The gene expression profiles of normal controls and breast cancer patients were downloaded from the official TCGA and METABRIC websites in September 2021. The expression of genes in breast invasive carcinoma (BRCA) were analyzed. Clinical characteristics from the corresponding patients were downloaded.

Evaluation of tumor-infiltrating immune cells (TIIC)

We used the CIBERSORT algorithm (http://cibersort.stanford.edu/) to calculate the tumor-infiltrating immune cell composition. [15] The TIIC immune cells included B cells, plasma cells, T cells, NK cells, macrophages, monocytes, mast cells, dendritic cells, neutrophils and eosinophils. Perl (The Perl Programming Language, version 5.28.1, http://www.perl.org) was conducted to convert IDs and group samples. The limma package of R (The R Project for Statistical Computing, version 3.5.3, https://www.r-project.org) was used to normalize the gene expression data. TIIC, P-value, root mean square error and Pearson's correlation coefficient were quantified for each sample. Furthermore, we applied CIBERSORT to calculate the P value for the deconvolution.

Statistical analysis

All statistical analyses were accomplished using R software (version 3.6.0, R Foundation). The expression of Siglec15 in patients dataset was evaluated. The chi-square test and Fisher’s exact test were applied to identify correlations between Siglec15 mRNA expression and the clinical features of breast cancer. The relationship between clinicopathological features and Siglec15 expression was analyzed with the Wilcoxon signed-rank test and logistic regression. The associations of clinical and pathological characteristics with overall survival in patients were assessed using Cox regression and the Kaplan-Meier method. The cut-off value of Siglec15 expression was determined by its median value. The correlations between TNM stage and immune cells were measured by the Wilcoxon test. The association between clinical follow-ups and immune cells and survival curves were evaluated by log-rank test and Kaplan-Meier analysis. Student's t-test was performed to examine the statistical relevance between two groups. P values <0.05 were considered statistically significant.

Microarray immunohistochemistry showed breast cancer tissue had high Siglec-15 protein expression

The expression level and the positive rates of Siglec-15 were compared between breast cancer tissue and adjacent normal tissue samples by immunohistochemistry on microarray. The samples in odd columns are from breast cancer tissues (Fig 1 A, E). The samples in even columns are from adjacent normal tissues (Fig 1 A, E). Figure B, C and D shows a classic pair of samples. Breast cancer tissue has higher positive staining (Fig 1 C) than adjacent tissue (Fig 1 D). The breast cancer tissues have higher Siglec-15 positive staining rate (70.79±6.95%) than adjacent normal tissues (46.78±7.05%, p<0.001, Fig 1 F).

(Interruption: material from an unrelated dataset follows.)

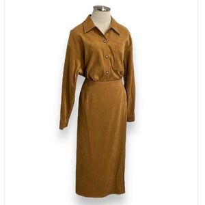 Talbots Petites Faux Suede Button Down Shirt and M Matching Wrap Skirt
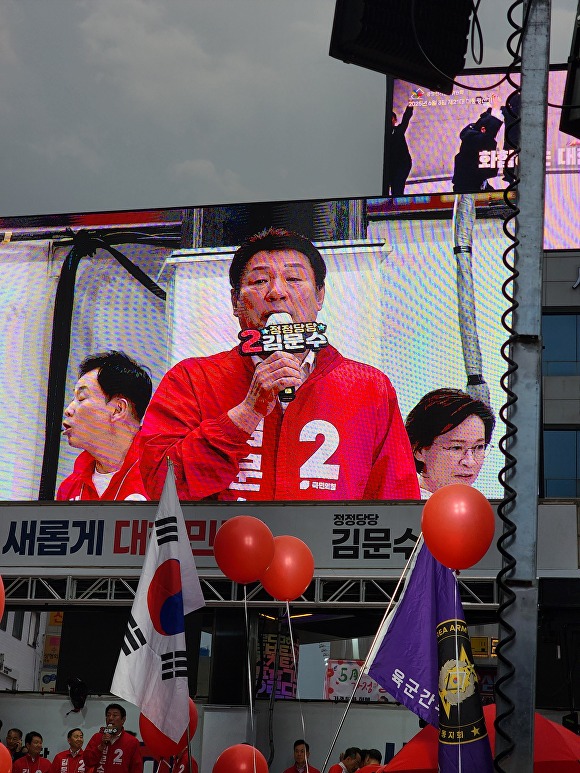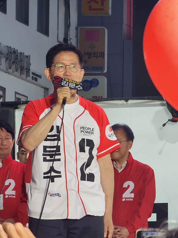 사전투표 독려도 이어졌다. 김 후보는 “사전투표는 부정선거가 아니다. 당이 철저히 감시하겠다”며 “여러분의 한 표가 대한민국 정치를 바꾸고 경제를 살릴 것”이라고 강조했다.

Databases showed breast cancer tissue had high Siglec15 mRNA expression

From the Cancer Genome Atlas database, we obtained 1,091 breast cancer samples and 113 control samples with both clinical and Siglec-15 gene expression data. The detailed clinical characteristics are listed in Table 1.

We compared the Siglec15 expression in breast cancer and normal tissues. The results indicated that Siglec15 expression was higher in breast cancer tissues than them in normal controls (Fig 2A, 2.10 V.S. 1.34. p=0.000326).

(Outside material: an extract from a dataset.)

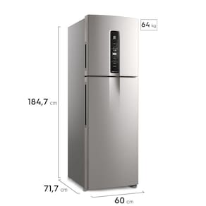 Características Adicionais - Acabamento da Porta/Frontal: Inox LookAcabamento Lateral: VCMAlarme de Porta Aberta: SimAltura (embalado) (mm): 187,9 cmAltura do produto: 184,7 cmAutoSense: SimCapacidade Bruta do Freezer (L): 126Capacidade Bruta do Refrigerador (L): 298Capacidade Bruta Total (L): 423Capacidade Líquida do Freezer (L): 117Capacidade líquida do refrigerador (L): 293Capacidade Líquida Total (L): 409Cesta Porta-Ovos: SimClassificação Energética: A+++Compartimento Congelamento Rapido: SimCompartimento Extra Frio: SimCompartimento FlexiSpace: NãoConectividade: NãoConsumo Energético (kWh/Mês): 42,4Conteúdo da Embalagem: Refrigerador, Porta Ovos, Forma de Gelo, Guia Rápido e Manual de Instruções.Controle de Temperatura: AutomáticoCor: Inox LookCor da Porta: Inox LookCor do Gabinete (Interior): BrancoDegelo Automático: SimDimensões do produto (AxLxP): 184,7 cm x 60 cm x 71,7 cmDimensões do produto embalado (AxLxP): 187,9 cm x 64,9 cm x 74,7 cmDispenser de Água na Porta: NãoDispenser de Gelo na Porta: NãoFiltro Desodorizador: Sim, TasteGuard (Vendido Separadamente)Frequência (Hz): 60Função Turbo Freezer: NãoFunção Turbo Refrigerador: NãoGarantia do Produto: 12 MesesGás Refrigerante: R600aIluminação Interna (Freezer): NãoIluminação Interna (Refrigerador): Sim (LED)Instalação : NãoLargura (embalado) (mm): 64,9 cmLargura do produto: 60 cmMaquina de Gelo Automatica: NãoMaterial /Composição: VCMMaterial das Prateleiras: Gabinete: Vidro Temperado/ Plástico Transparente Porta: Plástico TransparenteNCM: 84181000Nível de Ruído (dB): 49Painel Digital: SimPés Niveladores: SimPeso Bruto (embalado): 60 KgPeso Líquido (desembalado): 58 KgPNC: 924262913Porta Latas (prateleira de latas): NãoPorta Reversível: NãoPrateleiras Expansíveis (Fast Adapt): SimPrateleiras Removíveis: SimPrateleiras Retráteis: SimPrateleiras Reversíveis: SimProfundidade (embalado) (mm): 74,7 cmProfundidade do produto: 71,7 cmPuxadores: Sim (Embutido)Quantidade de Portas: 2Quantidade de Prateleiras e Gavetas (Freezer): Gabinete: 2 Prateleiras Porta: 2 PrateleirasQuantidade de Prateleiras e Gavetas (Refrigerador): Gabinete: 4 Prateleiras e 1 Gaveta Porta: 3 PrateleirasRodízios: SimSelo Procel: NãoSeparador de Garrafas: NãoTecnologia Inverter: SimTensão (V): 127VTipo de Compressor: InverterTipo de Degelo: Frost FreeTrava de segurança (Função Trava Painel): Sim

TNM-T1 has higher expression of Siglec15 than control groups (Fig 2B, p=0.011). However, the expressions of Siglec15 do not have differences among TNM-N (Fig 2C, p=0.749), TNM-M (Fig 2D, p=0.799) and stages (Fig 2E, p=0.119).

High Siglec15 expression TNBC patients had a poorer survival

Kaplan-Meier survival analysis suggested that Triple-Negative breast cancer patients with high Siglec15 expression had a poorer prognosis than those with low Siglec15 expression (p = 0.042, Fig. 3A). However, an interesting finding is that low Siglec15 expression had a poorer prognosis in Luminal A subtypes. Siglec15 expressions do not influence the survival in Luminal B (p = 0.51, Fig. 2B), and HER2+ (p = 0.71, Fig. 2D) subtypes.

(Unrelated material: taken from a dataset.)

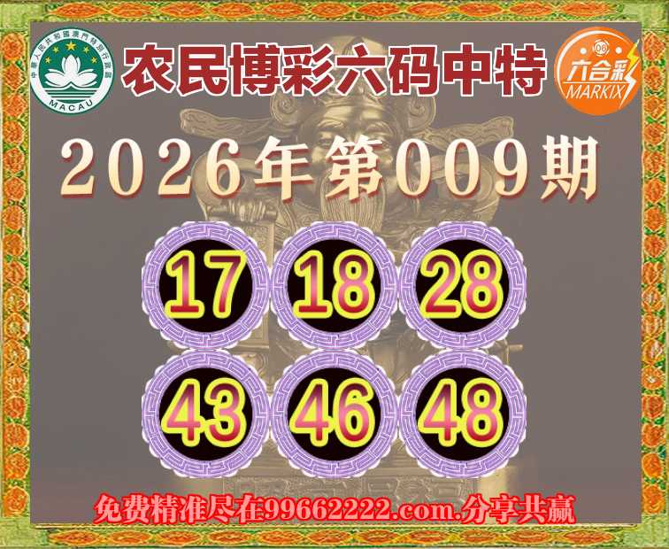 009期:《农民博彩》 ☘️六码中特☘️【17.18.28.43.46.48】开:28准
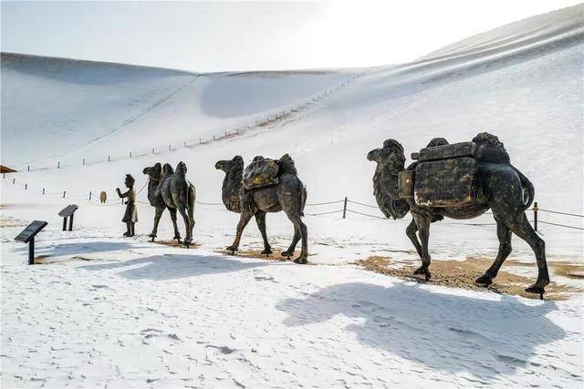 如果你看过敦煌莫高窟世界级壁画,夏天骑过鸣沙山骆驼,看过鸣沙山月牙泉的日出、日落,感受过大漠孤烟直、长河落日圆,大漠黄昏下驼队,那你应该感受一场敦煌冬天雪才算完美。

Composition of tumor-infiltrating immune cells

We performed CIBERSORT to investigate the fractions of infiltrated immune cells between high Siglec15 breast tumor tissue, low Siglec15 breast tumor tissue and adjacent non-tumor tissues. A bar plot was drawn to visualize the proportions of infiltrating immune cells. (Fig 4A)

The high Siglec15 expression breast cancer tissues had a low fraction of activated dendritic cells (p<0.001), follicular helper T cells (p<0.001), activated CD4 memory T cells (p<0.001) and M1 Macrophages (p=0.008, Fig 4B, C).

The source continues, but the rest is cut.